Even so, the L3 access time is usually at least five times faster than a DRAM access. On-chip, cache SRAMs are normally organized with width that matches the block size of the cache, with tags stored in parallel to each block.

This allows an entire block to be read out or written in a single cycle. This capability is particularly useful when writing data fetched from a miss into the cache or when writing back a block that must be evicted from the cache.

The access time to the cache (ignoring the hit detection and selection in a set associative cache) is proportional to the number of blocks in the cache, whereas the energy consumption depends both on the number of bits in the cache (static power) and on the number of blocks (dynamic power). Associative caches reduce the initial access time to the memory because the size of the memory is smaller, but increase the time for hit detection and block selection, a topic we will cover in Section 2.

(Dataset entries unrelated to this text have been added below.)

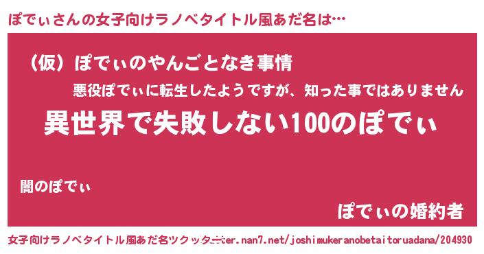| 男性向けラノベタイトル風あだ名 | 『ぽでぃという概念が存在しない退屈な世界 』 |
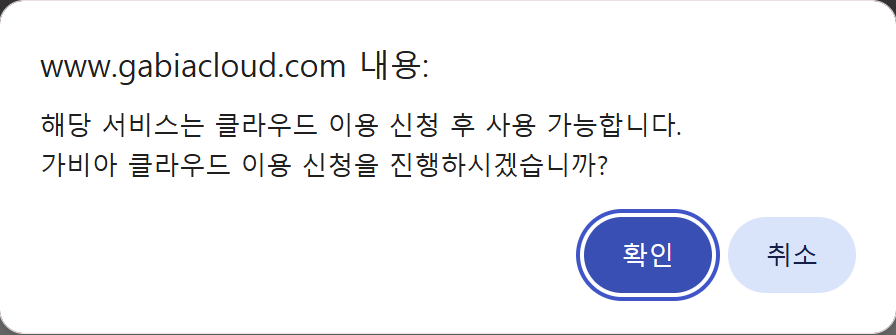3. '신청하기' 버튼 클릭 시, 아래와 같이 alert이 뜬다. 확인을 클릭하여 가비아 클라우드 이용 신청을 진행한다.
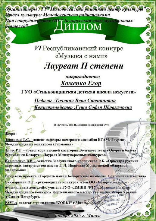 Номинация «Инструментальное исполнительство. Цимбалы» Егор Хоменко (преподаватель — Точёная В.С., концертмейстер — Гуща С.И.) завоевал Диплом лауреата II степени.
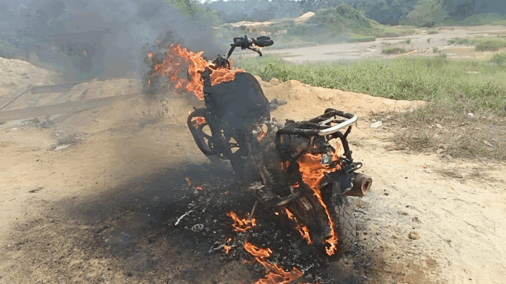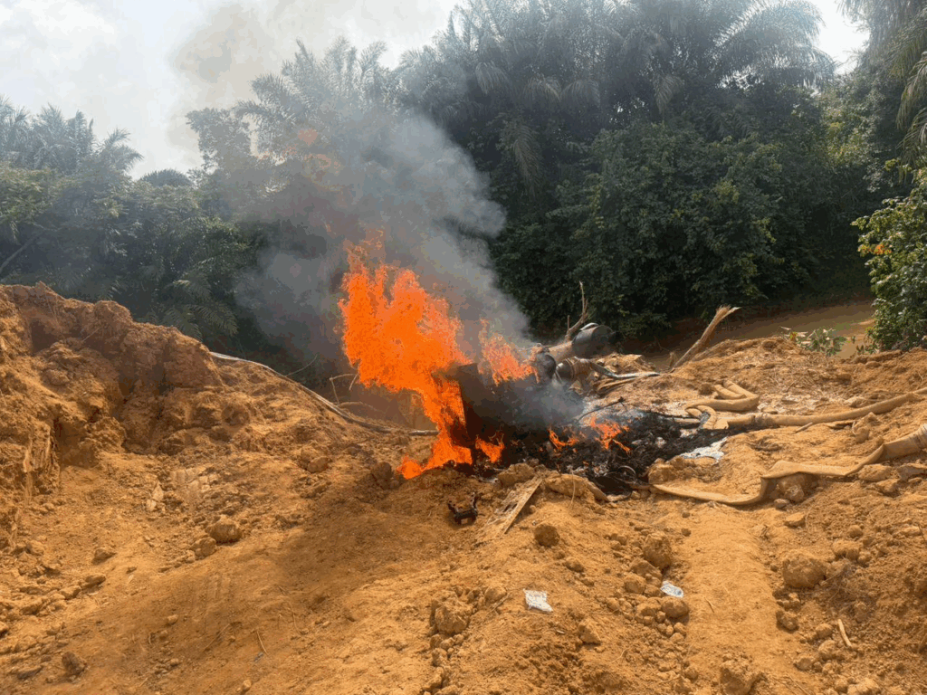 The miners had also destroyed large areas of palm plantations within the enclave. Following the escape of the miners, the task force destroyed the industrial pumping machines and other illegal mining equipment at the site by burning.
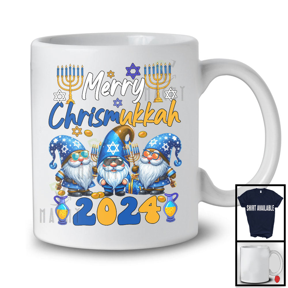 Merry Chrismukkah 2024; Awesome Christmas Hanukkah Three Gnomes Gnomies; Family Group T-Shirt. This cotton t-shirt is a durable staple product with a classic fit. One of the most popular items, it has a relaxed style made for everyday and casual wear.
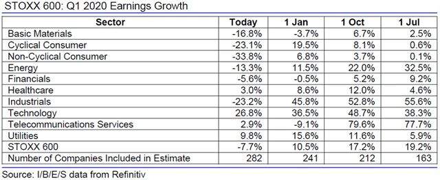 Jaký vývoj zisků evropských firem za 1Q2020 čekají analytici?

DRAM Technology As early DRAMs grew in capacity, the cost of a package with all the necessary address lines was an issue. Modern DRAMs are organized in banks, up to 16 for DDR4. Each bank consists of a series of rows.

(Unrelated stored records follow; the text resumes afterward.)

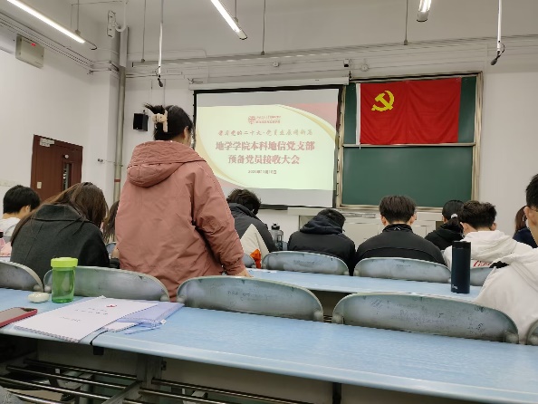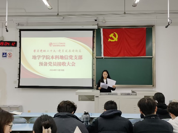 为进一步加强党支部队伍建设工作,切实提高党员发展对象综合素质,严把党员发展质量关,充分发挥党员先锋模范作用和党组织战斗堡垒作用,地学学院本科地信党支部于2024年11月18日晚上19时00分在X2331召开2024-02期预备党员接收大会,本次大会的议题:讨论是否同意接收黄龄诺、石嘉馨、王艺诺、张智睿4名同志为预备党员。本次大会由候王悦同志主持。
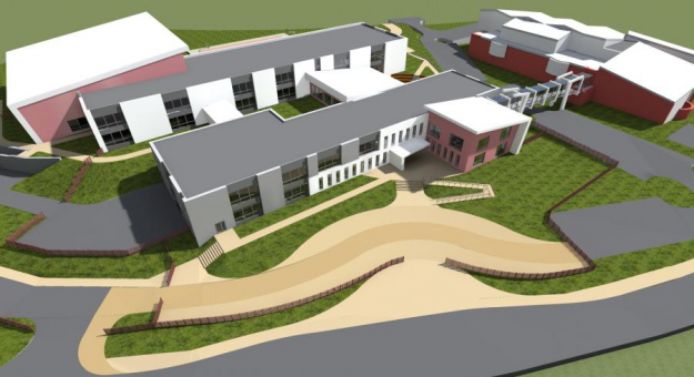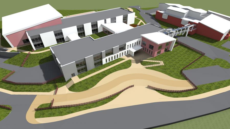 Wizualizacja nowego gimnazjum na średzkiej Winnej Górze, od strony wschodniej połączonego z obiektem Średzkiego Parku Wodnego fot.: UM
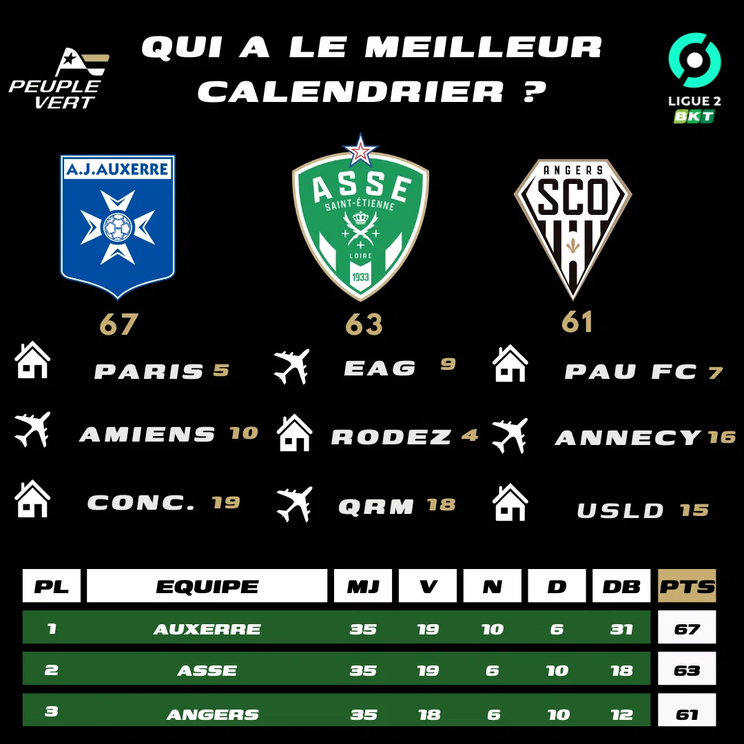 Si l'on s'intéresse au calendrier d'Auxerre, d'Angers et de Saint-Etienne, on remarque que les deux concurrents des Verts jouent deux fois à domicile et une fois à l'extérieur. Pour l'ASSE, c'est le contraire. Les Stéphanois termineront loin de leurs terres, du côté de QRM.
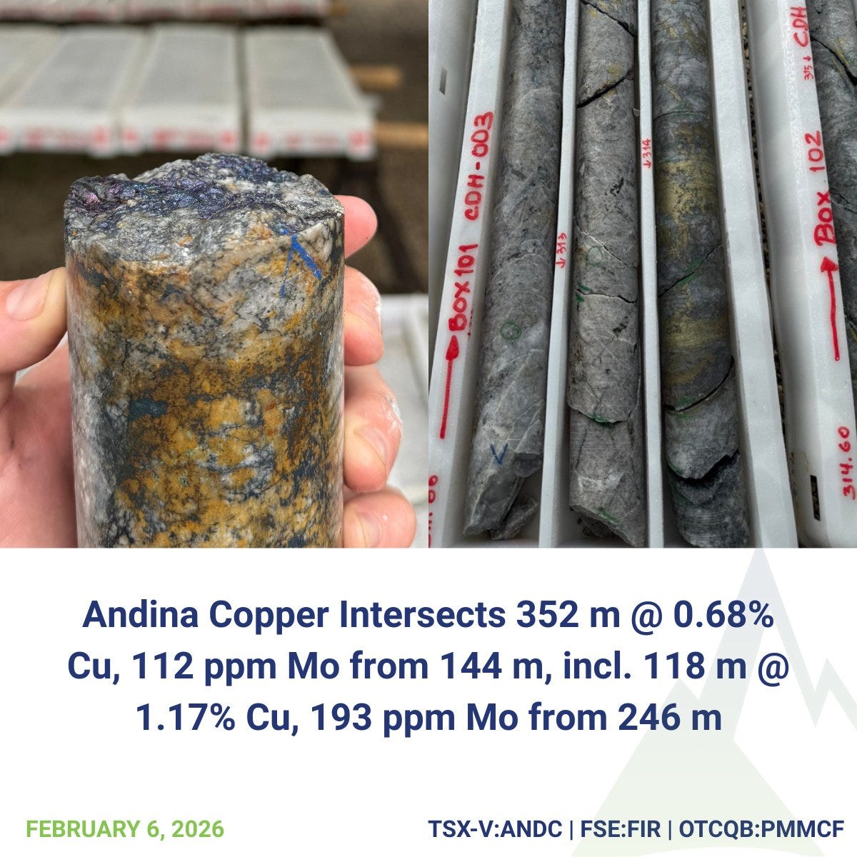 2026 promises to be an exciting time for Andina Copper shareholders, as we are now in a catalyst rich period with strong, exploration driven news flow being generated across all three of our projects. The 2025-26 field season is well underway at Piuquenes and exploration is continuing at pace at Cobrasco, with results from CDH004 expected shortly. Follow-up exploration will also shortly commence at Mantau.”
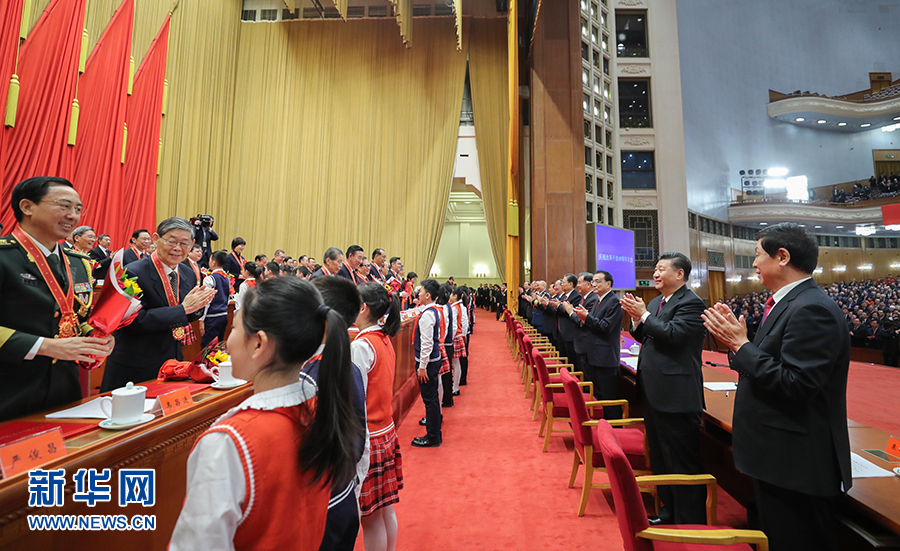 12月18日,慶祝改革開放40周年大會在北京人民大會堂隆重舉行。中共中央總書記、國家主席、中央軍委主席習近平在大會上發(fā)表重要講話。這是習近平等鼓掌向受表彰人員表示祝賀。 新華社記者 鞠鵬 攝
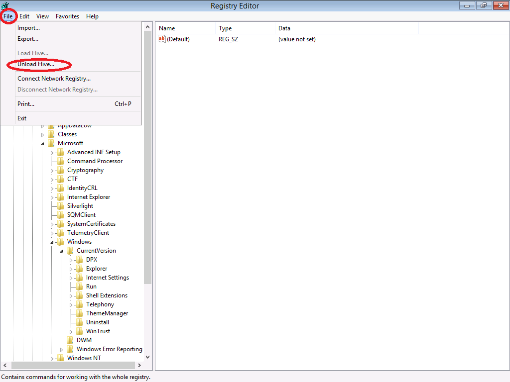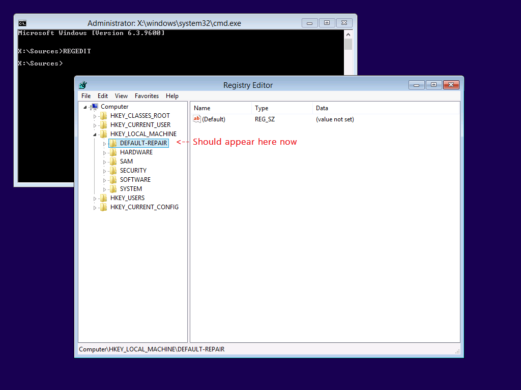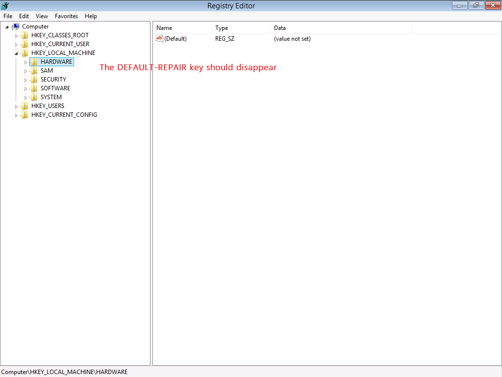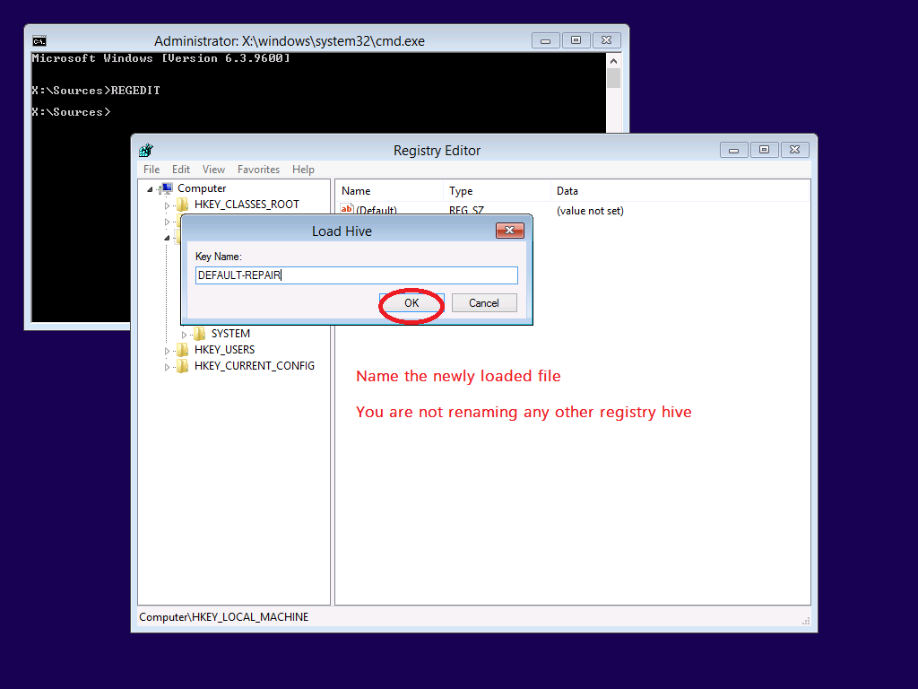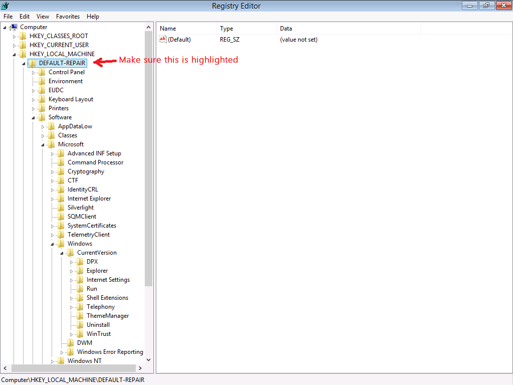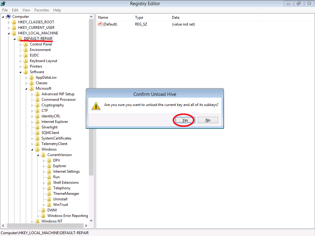 Step10: click okay on the dialog and return to the registry editor. Do not reboot yet, you need to unmount the registry hive. Scroll back up in the left pane and click DEFAULT-REPAIR.

Sending an ACT (Activate) command opens a bank and a row and loads the row into a row buffer. When the row is in the buffer, it can be transferred by successive column addresses at whatever the width of the DRAM is (typically 4, 8, or 16 bits in DDR4) or by specifying a block transfer and the starting address.

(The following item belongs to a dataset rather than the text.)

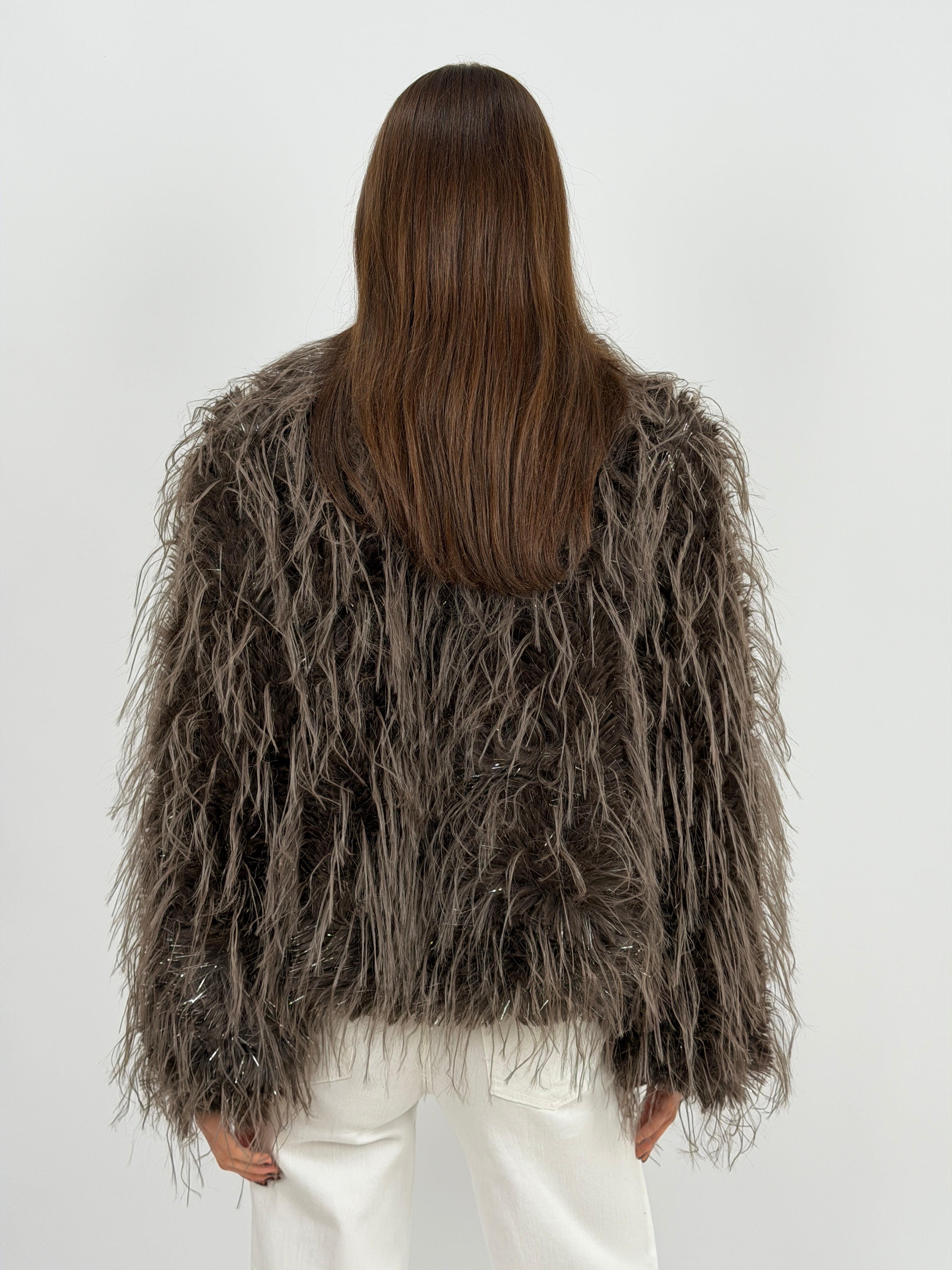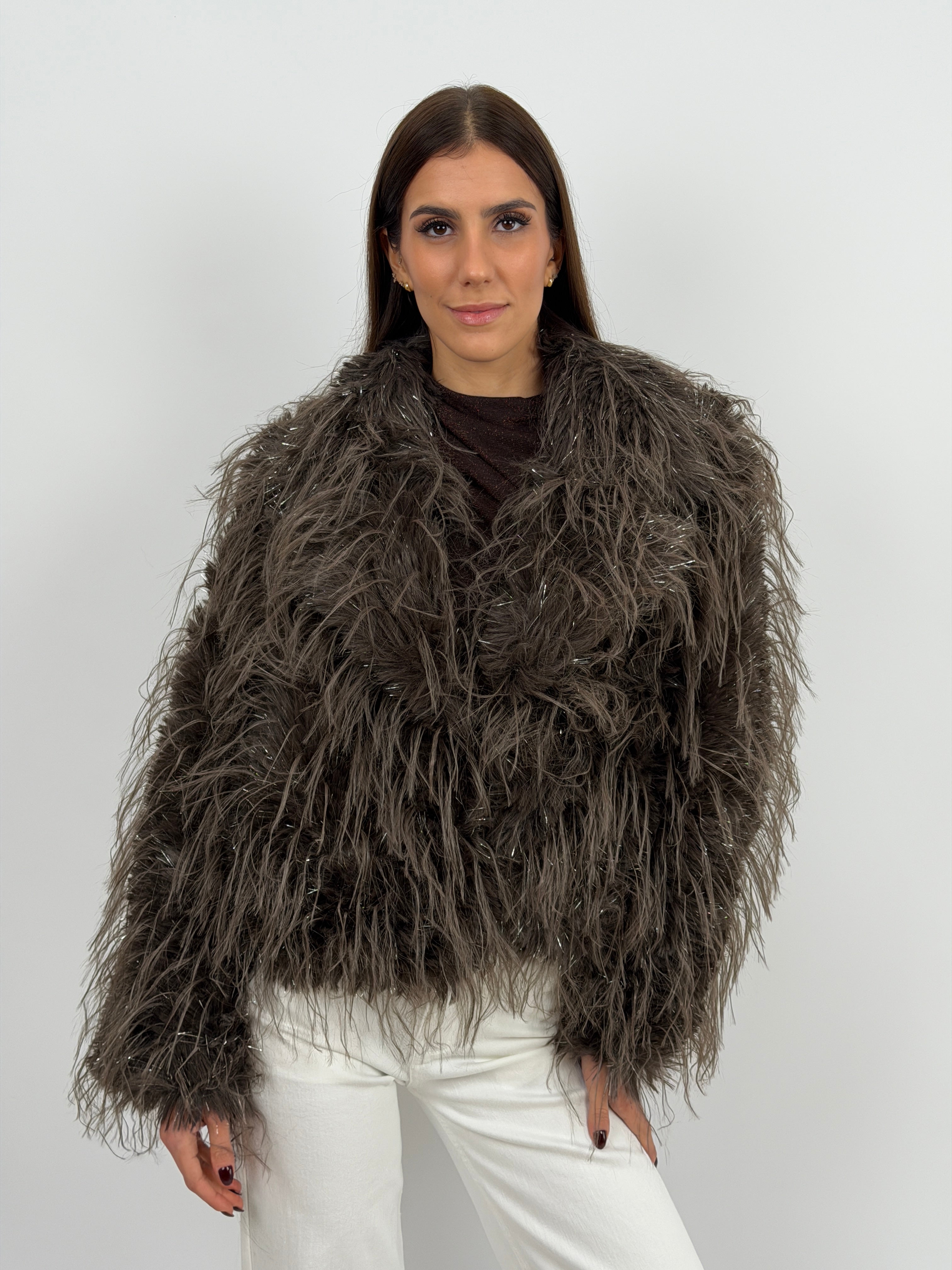 Eco pelliccia morbida marrone con lamé, collo a revers, chiusura frontale con bottone, tasche laterali e fodera interna.

The Precharge command (PRE) closes the bank and row and readies it for a new access. Each command, as well as block transfers, are synchronized with a clock. See the next section discussing SDRAM. The row and column signals are sometimes called RAS and CAS, based on the original names of the signals.

One-half of the address is sent first during the row access strobe (RAS). The other half of the address, sent during the column access strobe (CAS), follows it. The names come from the internal chip organization, because the memory is organized as a rectangular matrix addressed by rows and columns.

An additional requirement of DRAM derives from the property signified by its first letter, D, for dynamic. To pack more bits per chip, DRAMs use only a single transistor, which effectively acts as a capacitor, to store a bit.

On reading, a row is placed into a row buffer, where CAS signals can select a portion of the row to read out from the DRAM. Because reading a row destroys the information, it must be written back when the row is no longer needed. This write back happens in overlapped fashion, but in early DRAMs, it meant that the time before a new row could be read was larger than the time to read a row and access a portion of that row.

Fortunately, all the bits in a row can be refreshed simultaneously by reading that row and writing it back. Therefore every DRAM in the memory system must access every row within a certain time window, such as 64 ms. DRAM controllers include hardware to refresh the DRAMs periodically. This requirement means that the memory system is occasionally unavailable because it is sending a signal telling every chip to refresh.

The time for a refresh is a row activation and a precharge that also writes the row back (which takes 2 cycles).

Because the memory matrix in a DRAM is conceptually square, the number of steps in a refresh is approximately the square root of the DRAM capacity. So far we have presented main memory as if it operated like a Swiss train, consistently delivering the goods exactly according to schedule.

In fact, with SDRAMs, a DRAM controller (usually on the processor chip) tries to optimize accesses by avoiding opening new rows and using block transfer when possible. Refresh adds an unpredictable factor.